それからもう1点、線量が高くなるということになりますと、骨髄移植等々の話が、治療というか今後の処置として話として出てきておりますが、私の認識では現在のところ、こういう例えばチェルノブイリ等々で骨髄移植が成功した例というのはないように記憶しておりますので、それに対する対応は十分慎重にするべきであると考えております。これはコメントです。

○班目委員長 ありがとうございました。
そうしますと、最初の代谷委員のご提案の部分の修文はどういたしましょうか。他号機の流出水は。

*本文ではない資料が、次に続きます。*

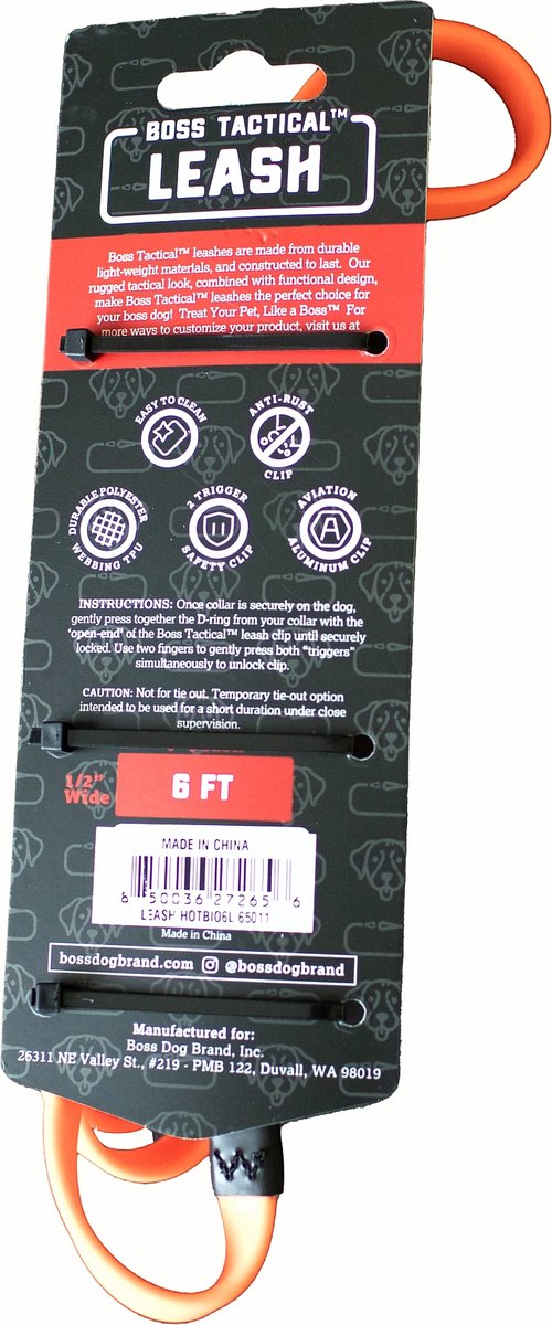 Boss Dog Tactical TPU Dog Leash, Hunter Orange, 6-ft

○久木田委員 「他号機の流出水は、格納容器から蒸気として出てきたものが凝縮したものの影響や、放水による希釈の影響を受けたものと推定しておりますが」、これぐらいでしたらよろしいかと思います。「凝縮したものの影響や、放水による希釈の影響を受けたものと推定しております」ということでいかがでしょうか。

○班目委員長 それでは、もう一度読み上げさせていただきます。
「なお、他号機の流出水は格納容器から蒸気として出てきたものが凝縮したものの影響や、放水による希釈の影響を受けたものと推定しております」、このように直したいと思います。
それからその下ですが、「空間線量率が非常に高いのは建屋の中だけであり、屋外では極端に異常な数値は計測されていません」、このように修正したいと思います。
それでは、他に何かご意見ございますでしょうか。
よろしゅうございますか。
それでは、以上の修正を加えた上で、これを原子力安全委員会からの助言とするということでご異論ございませんでしょうか。
それでは、そのように決めさせていただきたいと思います。どうもありがとうございました。
本日、他にお諮りする議題はございますでしょうか。

○水間総務課長 ございません。

○班目委員長 それでは、これでこの会合は終了させていただきます。どうもありがとうございました。